Iterative Denoise
Noise Pilot is a tool for controlling iterative denoise diffusion processes.
To learn how iterative denoising works, please see these YouTube videos:
Text to Image: Part 2 – how image diffusion works in 5 minutes
These videos describe diffusion as a looping process where we generate a path from random images to the image we want, by taking incremental steps over and over. This is a process called iterative denoising. Each step of the path we estimate the noise in a current estimate, and subtract estimated noise to produce a next estimate.

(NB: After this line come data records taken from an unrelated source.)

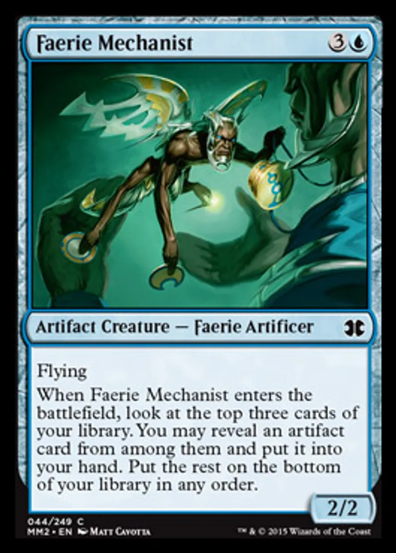 | Oracle Text | Flying When Faerie Mechanist enters the battlefield, look at the top three cards of your library. You may reveal an artifact card from among them and put it into your hand. Put the rest on the bottom of your library in any order. | ||
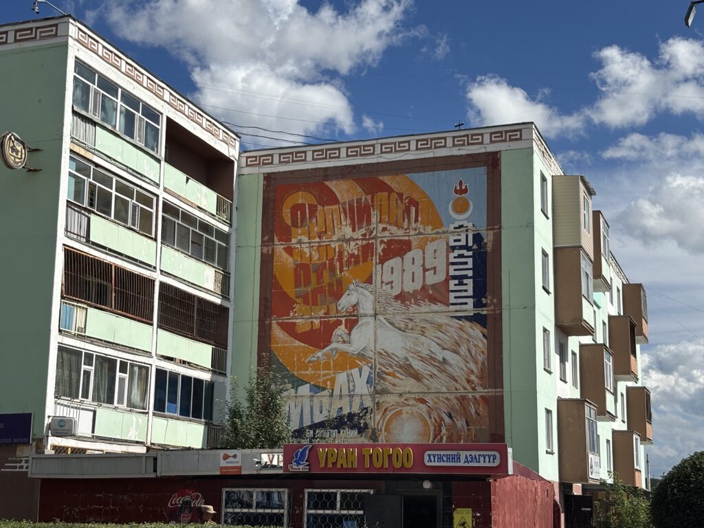 エルデネトは旧ソ連の影響を受けているので、壁画とかもそれっぽい。
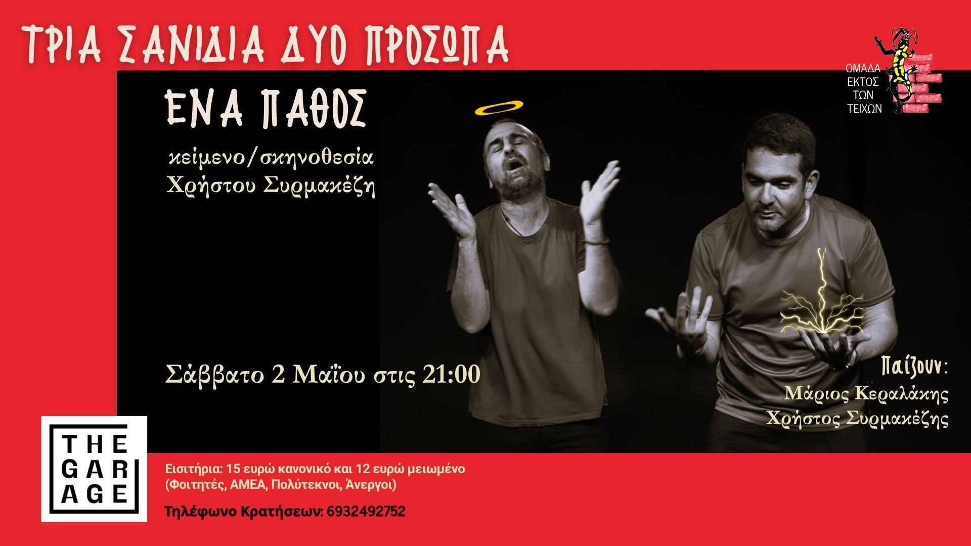 • Η παράσταση «Τρία σανίδια, δυο πρόσωπα, ένα πάθος» στο The Garage
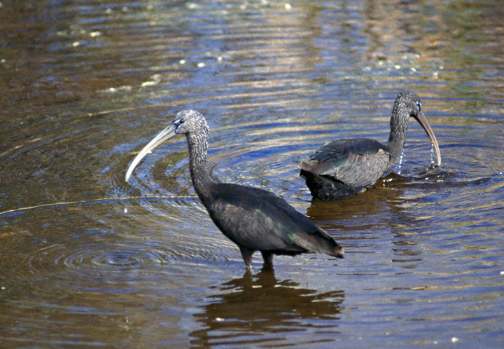 | The Glossy Ibis (Plegadis falcinellus) is a world-wide species which is locally distributed in many areas. It occurs in the extreme eastern United States with a few wandering west to Texas in some seasons. There have been a number of papers written in recent years about separating the species from the similar White-faced Ibis (P. chihi) since in all but high breeding plumage they can be difficult to tell apart. The reader is referred to many such published accounts if interested. The breeding plumaged adult Glossy Ibis shown here was at Anahuac N.W.R., Chambers Co., Texas, in April, 1996, and was photographed with a Canon T-90 and Sigma 500mm F/4.5 lens and 1.4X extender on Fuji Sensia. The immature Glossy Ibises in the next shot were photographed in March, 1997, at the Kennedy Space Center, Brevard Co., Florida, with a canon T-90 and FD 400mm F/5.6 lens on Fuji Sensia. | ![]() |
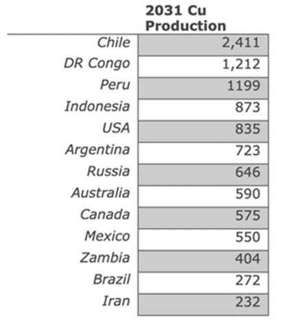 In the table below, CRU provided us with a breakdown of where future (2031) production is located. Notice that Chile tops the list followed by the DRC, Peru and Indonesia.
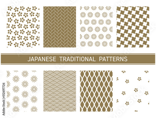 金色の和柄のパターンセット
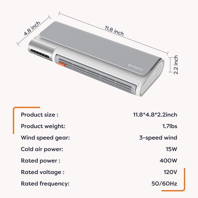 Ciarra 2-in-1 Heater & Fan | Ultra Slim, 3-Speed Wind Mode, Auto Shut-off, Anti-Scald Housing 数量
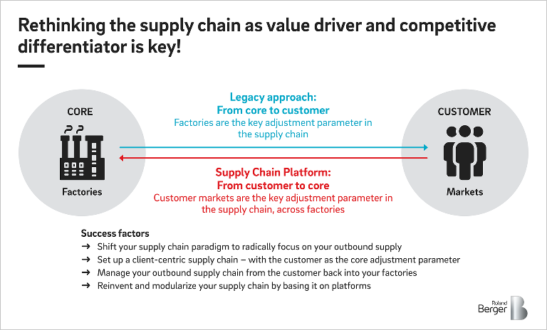 - Lieferkettenstrategie: Im aktuellen Marktumfeld muss die Vielzahl der ausgehenden Logistikketten für jede einzelne Geschäftseinheit durch produkt- und marktspezifische Lieferketten ersetzt werden, die im gesamten Unternehmen zum Einsatz kommen.
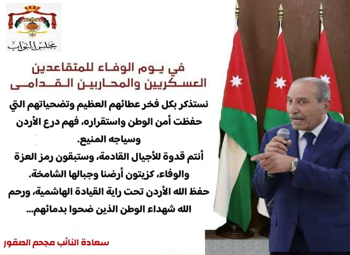 النائب مجحم الصقور يتقدم بالتهنئة والتبريك للمتقاعدين العسكريين والمحاربين القدامى

A single step of this process consists of 3 major parts.
- Current Estimate: The current point in the path that we are at. This is an image with noise still remaining in it.
- Estimate and Remove Noise: Use a machine learning model to estimate the noise in an image, and use an algorithm to remove some of it.
- Set Next Estimate: The result of noise removal should be set to the
current estimatefor the next step we take.

In Noise Pilot, we compute this process by using an Iterative Denoise group node. By default, this is how the group nodes look, and we’ve labeled which nodes correspond to which part of the previous process.

The group node has 3 special parameters, and one input parameter.

Initial Image sets the initial value for current estimate.
t_start and t_end control the steps of the path in the diffusion process. Normally, t_start begins and 0 and t_end will end at 32. The model we use is a 32 step diffusion process. You can control these to partially diffuse images (such as in Image to Image translation).